HM Treasuy and HMRC released their initial proposals in November 2021 and have carried out consultations with industry on the final policy decisions needed to implement the reforms to the tax credit. The changes are set to be included in the Finance Bill 2022-23, taking effect from April 2023.

Below we set summarise the Treasury’s proposals as well as what we and our members have suggested to get the final policy framework right.


Licence payments for datasets

HMT have proposed to include licence payments of datasets as a qualifying expenditure for R&D tax reliefs. techUK members agree with the Treasury that datasets are as vital an ingredient as any raw materials or labour inputs which are employed in the process of R&D.

These proposals, however come with some restrictions that are set out to make sure that tax credits are claimed only for R&D purposes. For example, companies will not be able to claim the relief if the dataset grants any rights of resale, publishing, sharing or otherwise communicating the raw data within the dataset to a third party.

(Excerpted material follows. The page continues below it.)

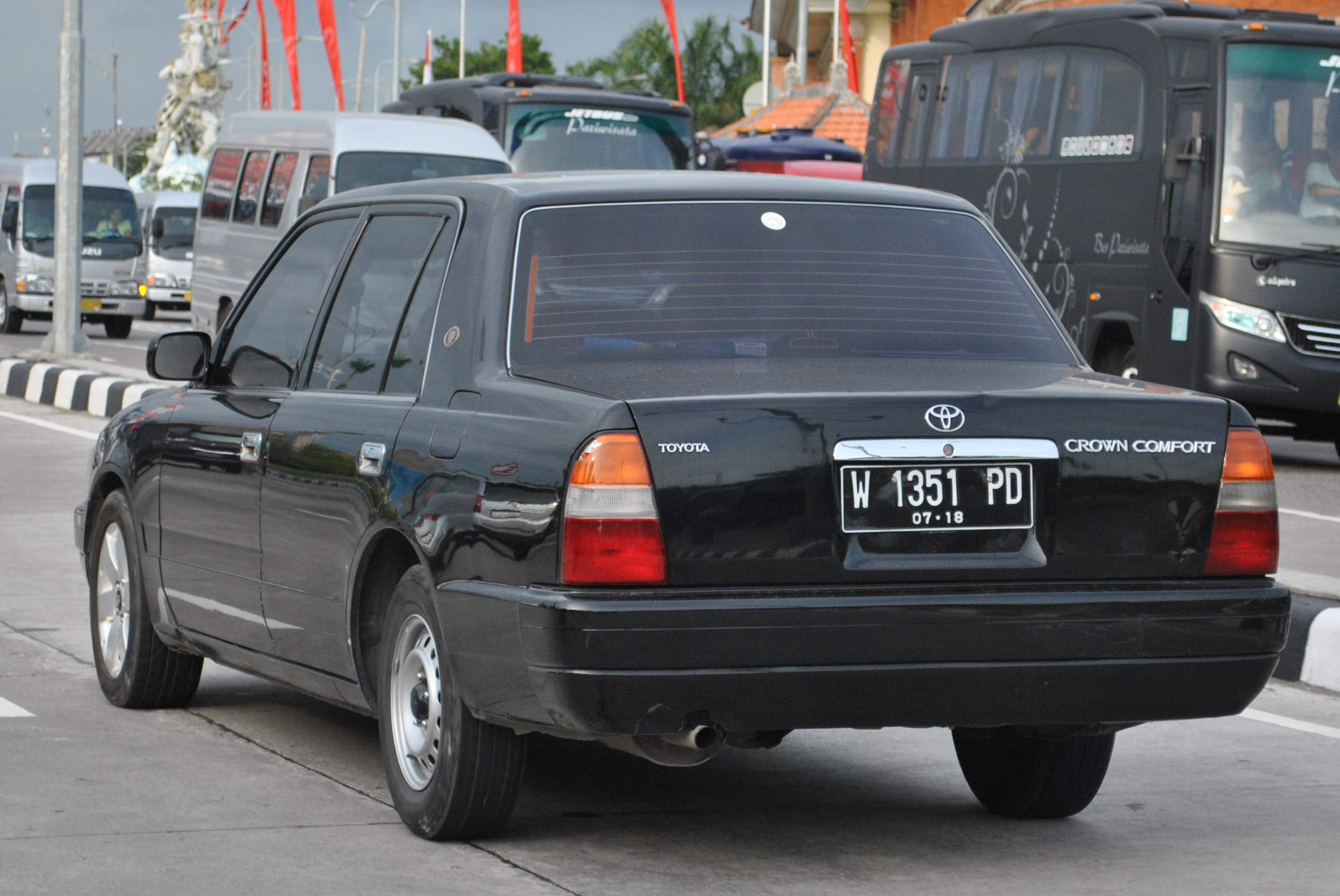 Very rare Sidoarjo-registered Toyota Crown Comfort, spotted and photographed at Simpang Dewa Ruci, Kuta, Badung Regency, Bali. I have no idea how the owner get the car, and surprisingly this is personal car, not taxi, as usually we see at many countries like Singapore.

techUK recommends however not limiting companies' claims on the ability to communicate, share and publish the data for quality assurance and transparency reasons (e.g. where the company share the data so customers can understand the provenance and diligence of the analytics that have been performed), restrictions should be targeted to where the dataset would be sold to a third party for purely commercial reasons.

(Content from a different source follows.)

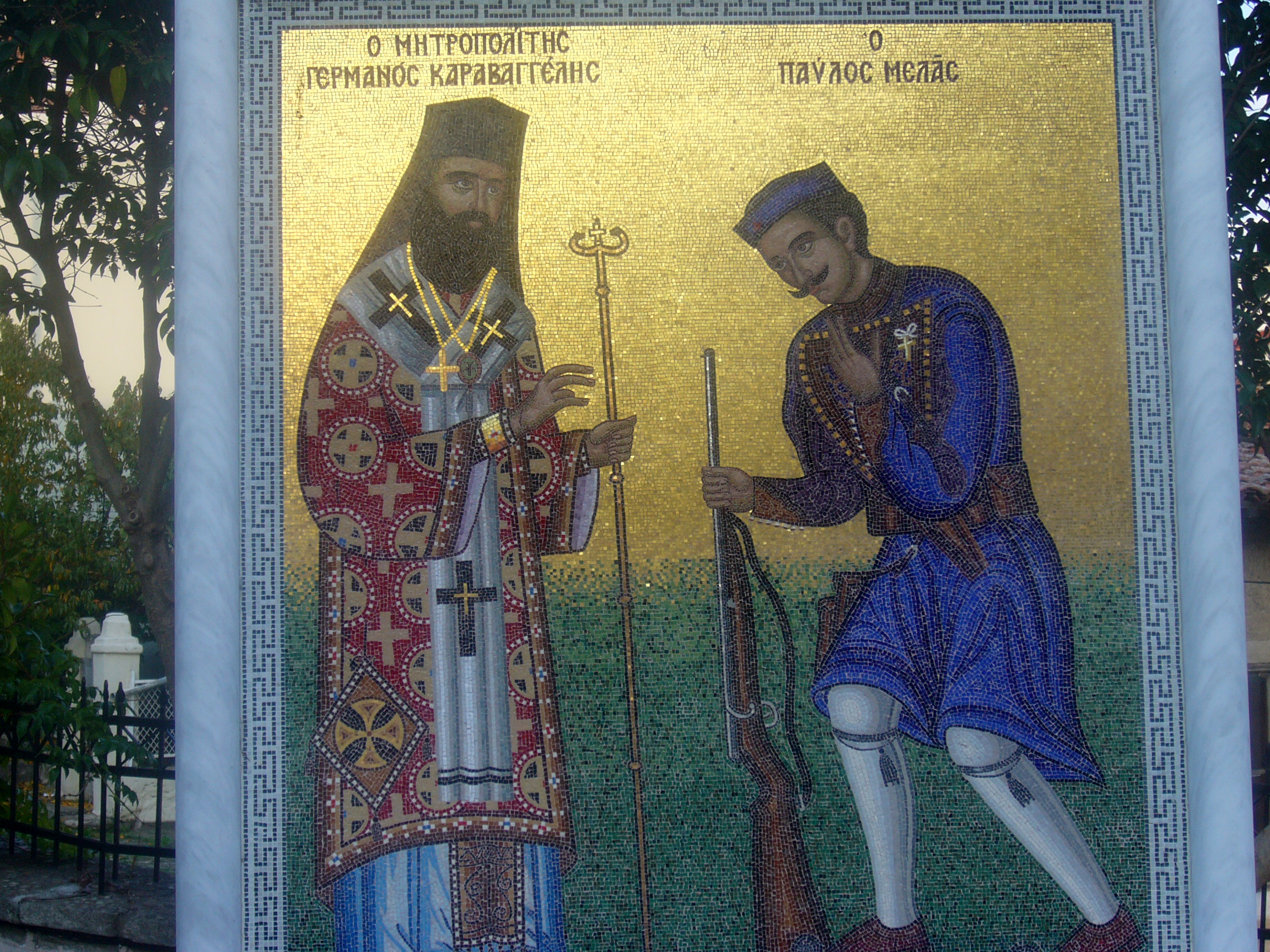 Metropolitan Germanos Karavangelis blesses Pavlos Melas. Mosaic in Kastoria, Greece.

Cloud computing and software

techUK supports including costs which can be attributed to computation, data processing, analytics and software on the cloud to be claimable for R&D tax reliefs as stated in HMT proposals.

However, we recommend the government to include storage of data to the list of costs outlined above. R&D projects are increasingly including more substantial data to do data-driven R&D, and some members have expressed that in some projects 80% of the costs can be attributable to the storage of data. Excluding storage costs may have unintended consequences, such as skewing activity towards particular types of R&D activity (e.g. those with less storage costs), which is contrary to the scheme's objectives.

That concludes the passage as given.